Enrichment of bulk serum IgG with sialylated murine IgG1, but not IgG2a, with irrelevant specificity attenuates IgG1-mediated anaphylaxis in a SIGN-R1– and FcγRIIB-dependent manner. A, The conserved biantennary N-glycan (4 N-acetylglucosamines [dark blue] and 3 mannoses [green]) at Asn 297 in the IgG Fc part can be modified by fucose (red), bisecting GlcNAc (light blue), galactose (G; yellow), and sialic acid (S; magenta). The cleavage site of EndoS used for IgG glycan analysis is depicted. B, Experimental design of the IgG-mediated 30-minute anaphylaxis model used in the experiments shown in Fig 1, D-H. IgG1-mediated anaphylaxis was induced i.v. with 200 μg of anti (α)-TNP murine (m) IgG1 (clone H5) and subsequent (30 minutes later) i.v. injection of 20 or 25 μg of TNP-OVA. C, Fc glycosylation profiles of in vitro desialylated plus degalactosylated (degal) and galactosylated plus sialylated (sial) mIgG1 antibodies (clone MOPC-21) with irrelevant specificity. D and E, When indicated, intraperitoneal injection of huIgG (IVIg; 1 g/kg) and/or i.v. injection of anti (α)-SIGN-R1 into WT mice. IgG1-mediated anaphylaxis was induced 23.5 hours later. F-H, When indicated, i.v. injection of in vitro galactosylated plus sialylated (sial) or desialylated plus degalactosylated (degal) mIgG1 (clone MOPC-21; 50 mg/kg) or mIgG2a (clone C1.18.4; 50 mg/kg) with irrelevant specificities and/or αSIGN-R1 into (Fig 1, F and H) WT or (Fig 1, G) Fcgr2b−/− mice. IgG1-mediated anaphylaxis was induced 23.5 hours later. The severity of anaphylaxis in all experiments was measured by determining the changes in the body core/rectal temperature on the indicated time points after antigen challenge. n = 4-5 for all groups. I and J, When indicated, intraperitoneal injection of huIgG (IVIg; 1 g/kg) or i.v. injection of in vitro galactosylated plus sialylated (sial) mIgG1 (clone MOPC1; 50 mg/kg) or mIgG2a (clone C1.18.4; 50 mg/kg) with irrelevant specificities into WT mice to analyze FcγRIIB expression (MFI)on blood (Fig 1, I SSC low/CD11b+/F40/80+ classical monocytes and (Fig 1, J) SSC high/GR-1+ (not high) eosinophils by flow cytometry 24 hours later, including overlay histograms of FcγRIIB expression on classical monocytes from representative mice of each group (including FMO controls). Dots represent single mice. Abs, Antibodies; i.v., intravenous/intravenously; MFI, mean fluorescent intensity; OVA, ovalbumin; spec., specificities; temp, temperature; UT, untreated; WT, wild-type.

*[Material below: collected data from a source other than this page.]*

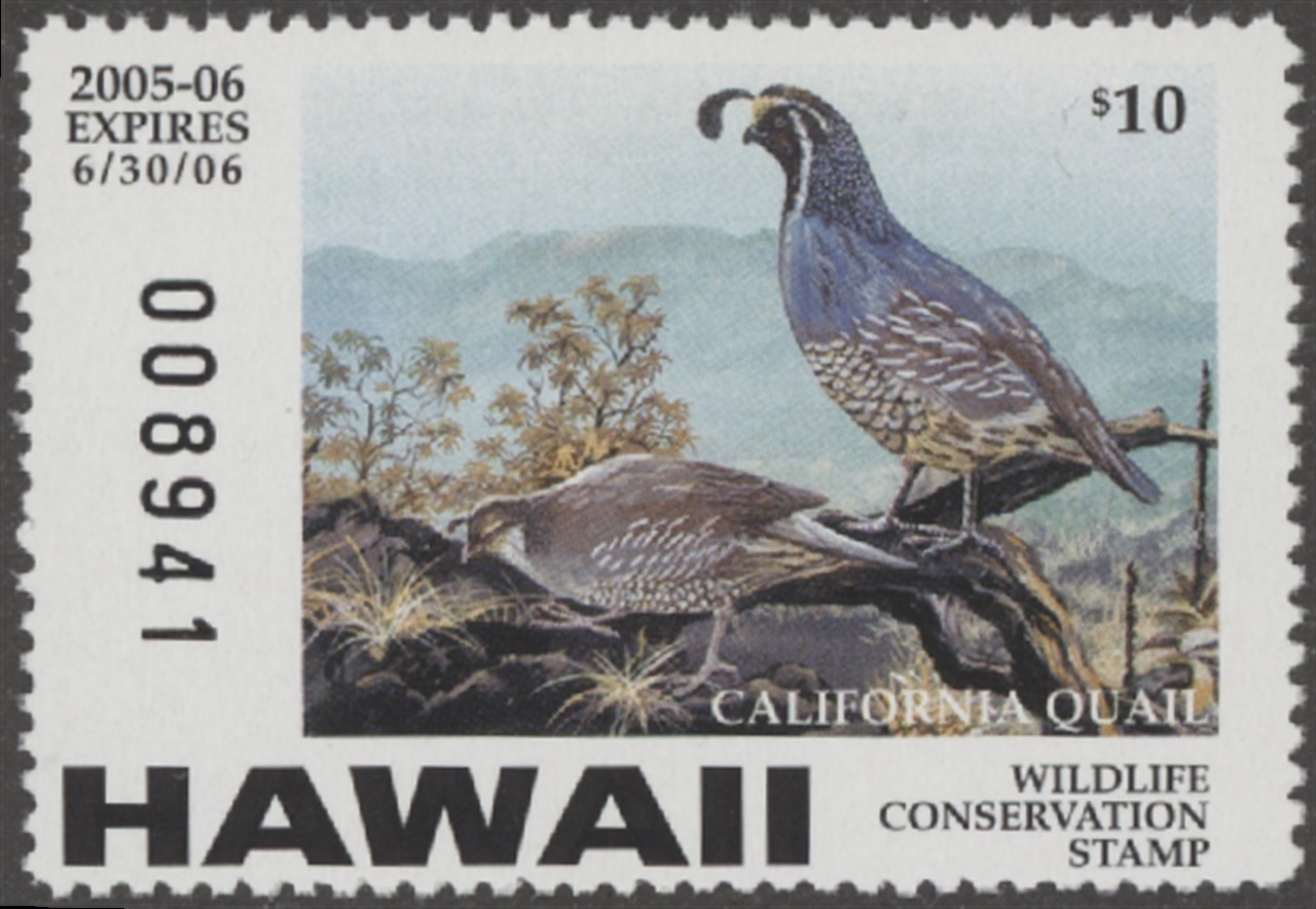 HI10 2005 State Duck Stamp. Mint Never Hinged. Very Fine. California Quail by Norman Nagai.
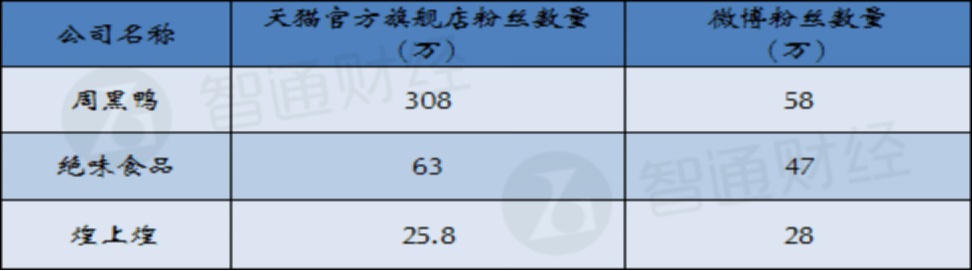 周黑鸭天猫官方期间店数据显示,公司的粉丝数量已经达到308万,远远超过绝味食品的63万和煌上煌的25.8万。此外,周黑鸭官方微博的粉丝数量也达到58万,远高于其他两家。
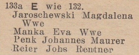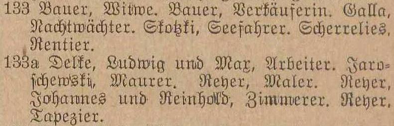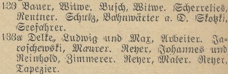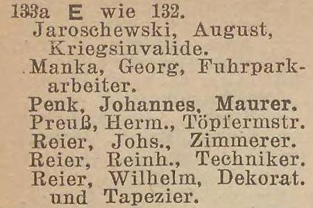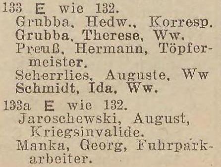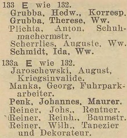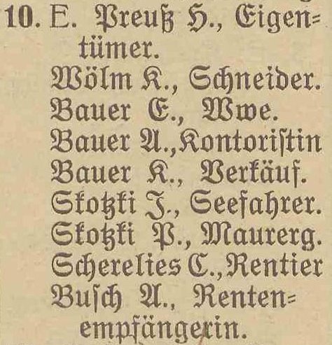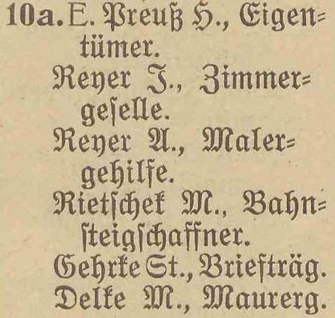 Preuß, Heinrich, właściciel †. Kapitki, Veronika, z domu Weichbrot, wdowa. Ohl, Johann, invalida. Rischek, Leo, zwrotniczy. Schibjerowski, Hermann, czeladnik ciesielski. Skotzki, Johann, marynarz. Wach, Hermann, emerytowany pracownik straży granicznej. Weitz, Karl, handlarz.
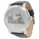 Uhr, Vintage Männeruhr mit schwarzem Lederarmband
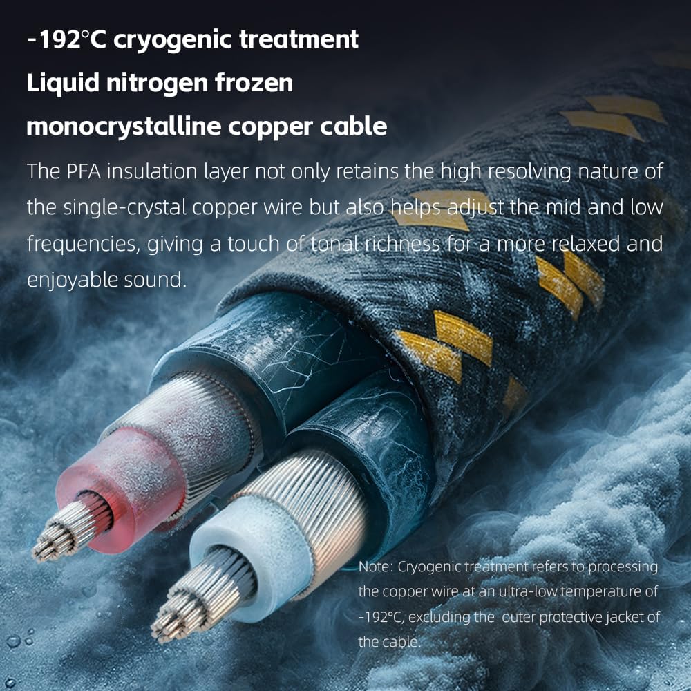 A new cable was specifically crafted and fine-tuned for the FT7 and its sound characteristics. The copper undergoes cryogenic treatment with frozen nitrogen kept at -192°C. This enhances electrical conductivity, signal transmission, and sound clarity. It features a 4.4mm balanced cable design. A 4.4mm to 6.35mm adapter and a 4.4mm to XLR-4 balanced adapter are also included to make the FT7 compatible with popular audio systems.
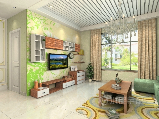 電視背景墻的一抹綠色墻紙給整個不大的空間帶來了生機。
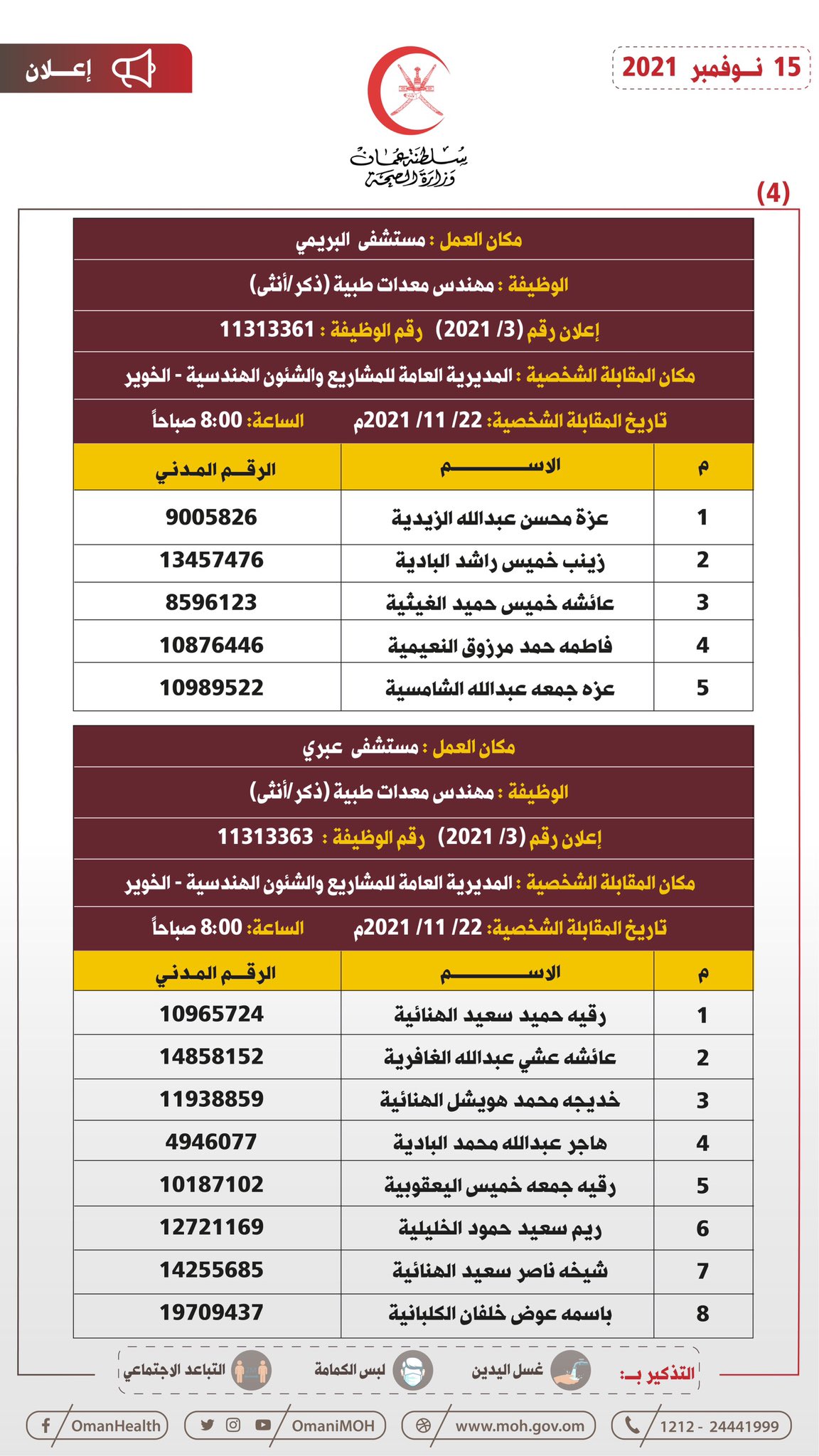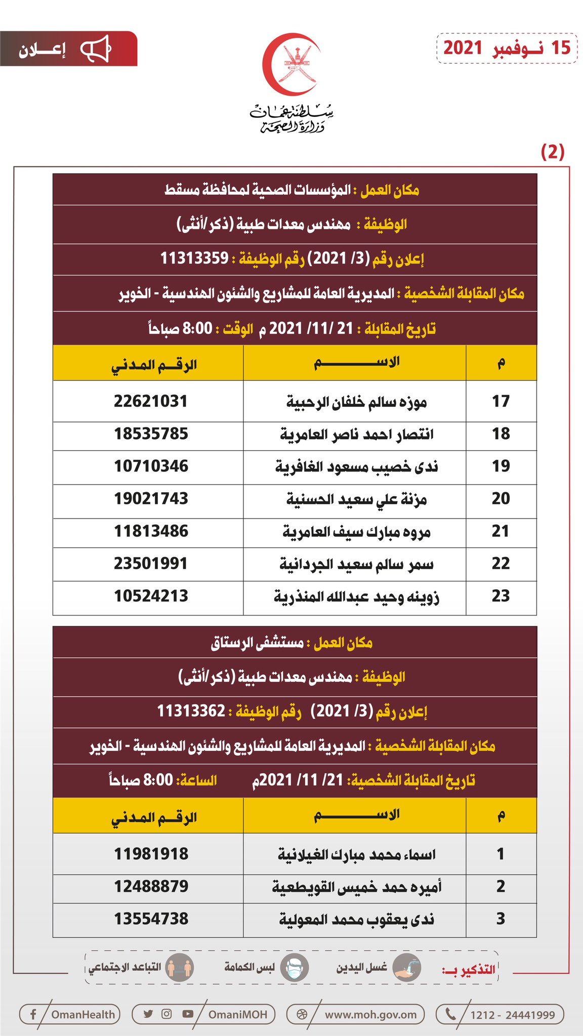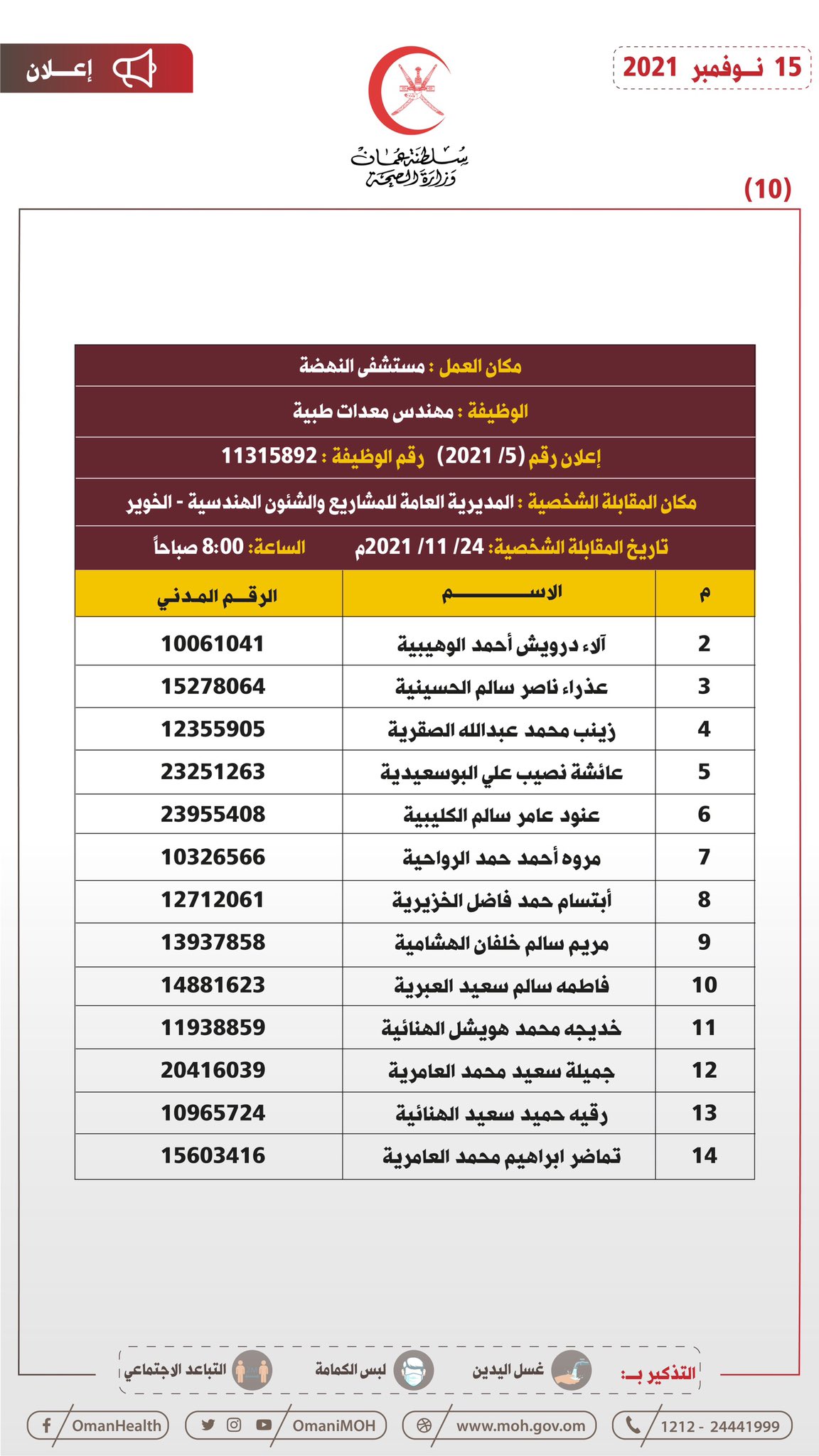 أعلنت وزارة الصحة بالتنسيق مع وزارة العمل للمواطنين المبينة أسماؤهم فيما بعد والذين سبق لهم التقدم لشغل وظيفة (مهندس معدات طبية) عليهم الحضور في الزمان والمكان المحددين لحضور المقابلة الشخصية.
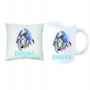 KOŃ KONIE ZESTAW PREZENT PODUSZKA + KUBEK+ IMIĘ
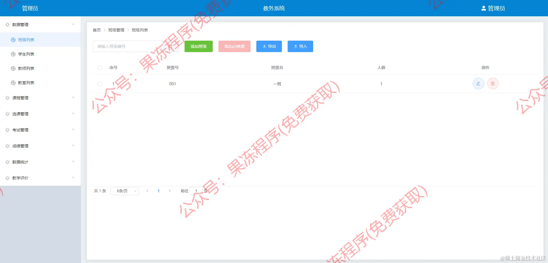 该项目是一个教务管理系统,角色分为管理员,教师,学生三个角色,具体功能菜单如下:
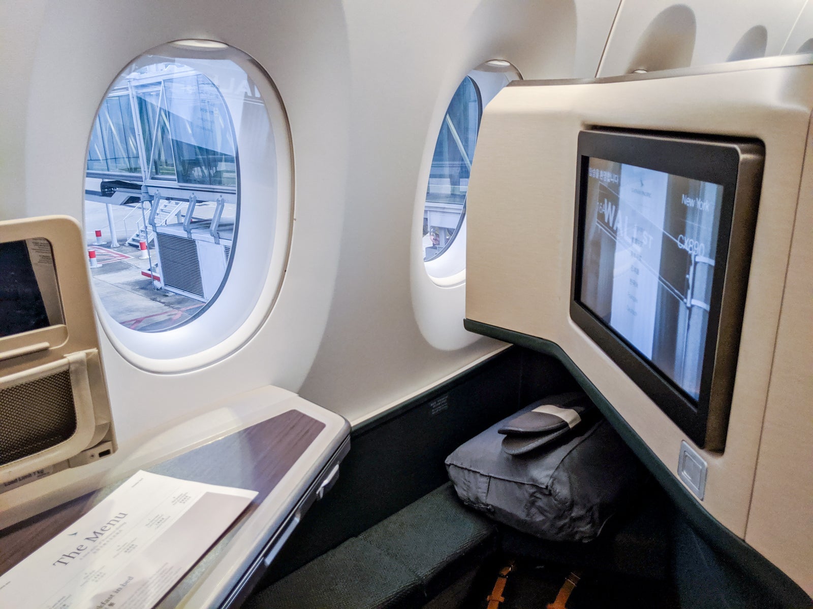 Boarding began right on time. As Cathay's A350s don't offer first class, business-class passengers boarded first. After waiting a few extra minutes for a brief passport check, gate agents scanned my boarding pass, and down the jetway we went!
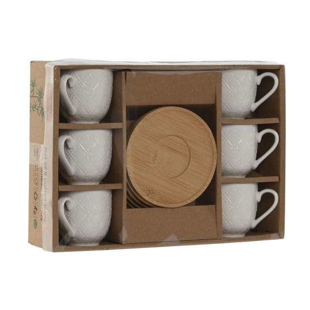 Kávés szett 90 ml porcelán, bambusz 10,5x10,5x0,8 cm fehér S/6

Here, we tested the capacity of high amounts of huIgG (1 g/kg) or lower amounts of highly sialylated murine (m) or huIgG subclass antibodies (10-50 mg/kg) with irrelevant specificities to enhance FcγRIIB expression on blood immune cells and to attenuate IgG-mediated anaphylaxis and IgG-FcγRIIB–controlled-IgE-mediated anaphylaxis in mice.
IgG-mediated anaphylaxis was induced by intravenous injection of 200 μg of anti–2,4,6-trinitrophenyl (TNP) mIgG1 mAbs (clone H5),2,8,9,E19-E21 followed by intravenous challenge with 20 or 25 μg of TNP-coupled ovalbumin 30 minutes later to allow formation of immune complexes (Fig 1, B).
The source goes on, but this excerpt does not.